Действительность результата здесь вызвана давлением на трубы средств ремонтных работ, а его возможность создана уменьшением стройорганизацией зазора между газовыми и водопроводными трубами. Эта возможность может быть большей или меньшей в зависимости, опять-таки, от обстоятельств: в одних случаях она есть абстрактной возможностью (маловероятностью), в других – конкретной возможностью (большой вероятностью). Наконец, еще одна группа обстоятельств – те, которые создают действительность результата.
В связи с этим профессор Иоффе законно ставил вопрос: какими критериями руководствоваться для разграничения тех и других возможностей, а также как провести грань между возможностью наступления результата и действительным его наступлением? И давал такой ответ на него: возможность конкретна, если она превращается в действительность объективно повторяющимися условиями, обстоятельствами. Возможность является абстрактной, если ее превращение в действительность вызвано объективно неповторяющимися обстоятельствами. Иначе говоря, критерий взят чисто количественный.
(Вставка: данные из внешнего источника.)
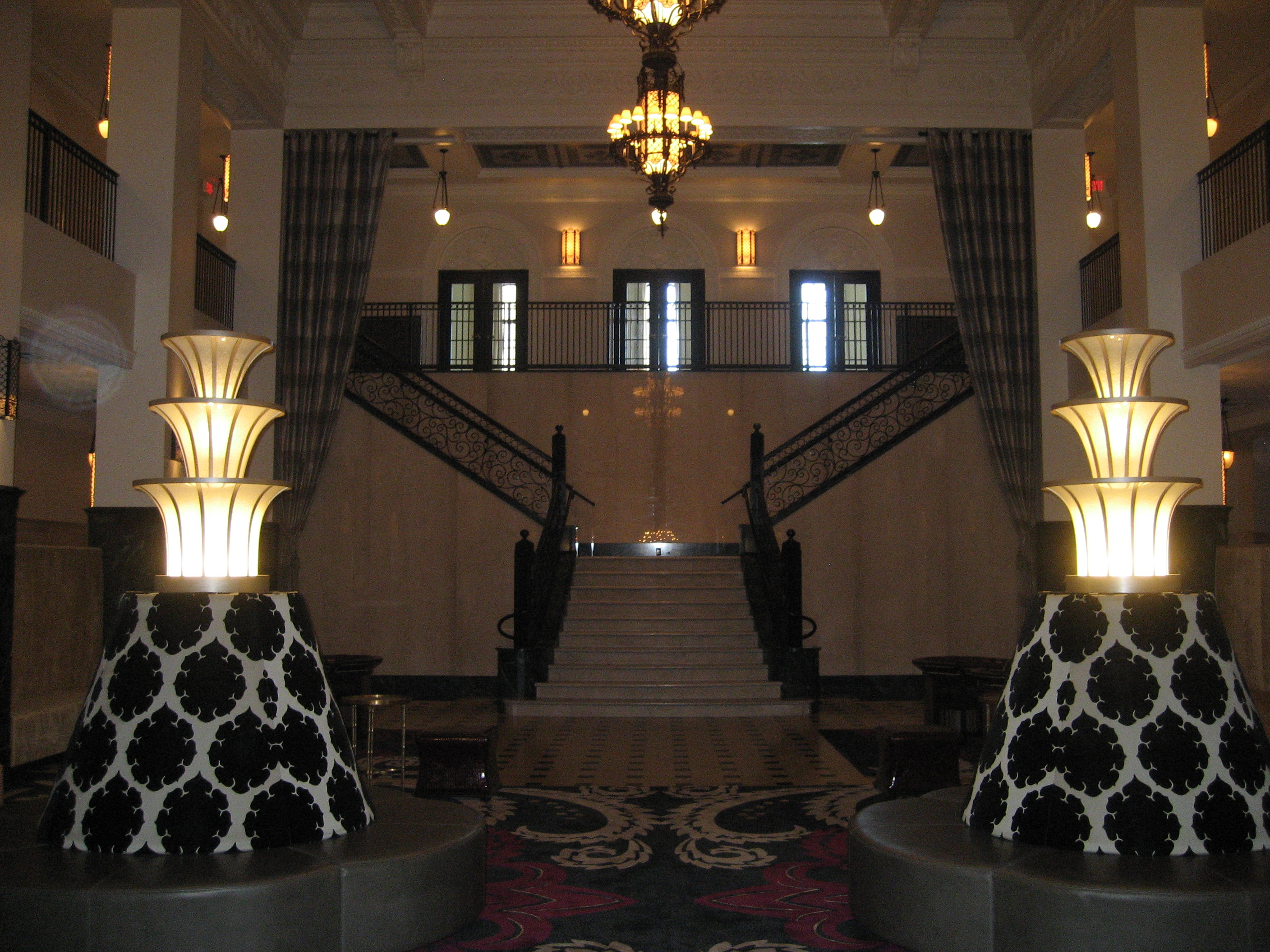 This is a photograph I took in May 2010 of the ground floor lobby of the Mayo Hotel, Tulsa.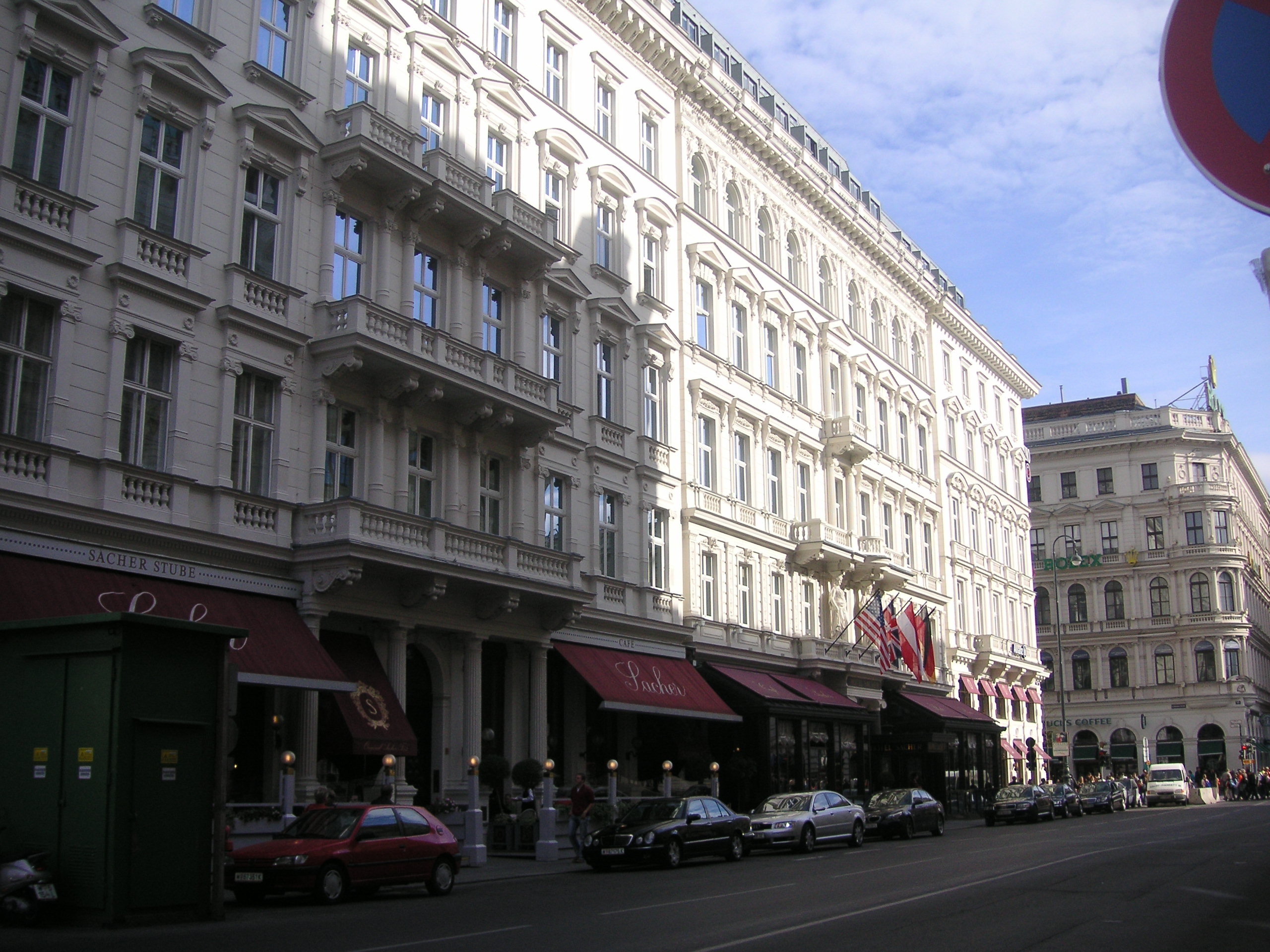 The five-star Hotel Sacher, Innere Stadt, Vienna, Austria, situated next to the Vienna State Opera. Photo by KF, October 26, 2005.

Сегодня, по прошествии более чем полувека с той студенческой поры, для меня, самого ставшего профессором, казавшийся тогда убедительным критерий уже не выглядит таковым. Ибо всякая возможность какого-либо события или явления не может по определению превратиться в действительность. Если учесть, что любое повторяющееся объективно обстоятельство пребывает во взаимосвязи со множеством других постоянно меняющихся обстоятельств и условий, то даже как объективный закон природы оно не всегда порождает один и тот же результат.
В этой связи сошлемся на приводимый Энгельсом в его «Анти-Дюринге» пример с законом Бойля, согласно которому объем газа при постоянной температуре обратно пропорционален давлению, под которым находится газ. Реньо нашел, что этот закон оказывается неверным для известных случаев, более того, он верен лишь приблизительно. В частности, он неприменим к таким газам, которые посредством давления могут быть приведены в капельножидкое состояние, и притом он теряет силу с того именно момента, когда давление приближается к точке, при которой наступает переход в жидкое состояние. Таким образом оказалось, что закон Бойля верен только в известных пределах. Следовательно, этот закон, до сих пор все еще практически пригодный, нуждается в дополнении целым рядом специальных законов (Маркс К. и Энгельс Ф. Соч. т. 20, с. 92-93).
Что уж говорить об объективно повторяющемся поведении человека?.. Не «возможное» (абстрактно или конкретно) станет действительностью, а исключительно только необходимое. Не познав необходимое, то есть оставаясь в плену несвободы, авторы «сценариев» будущего оказываются в своих прогнозах его, как свидетельствует жизнь, далекими от истины и, следовательно, от действительности.
* * *
Действительная разумность: в чем суть?
Перейдем теперь от действительности к разумности.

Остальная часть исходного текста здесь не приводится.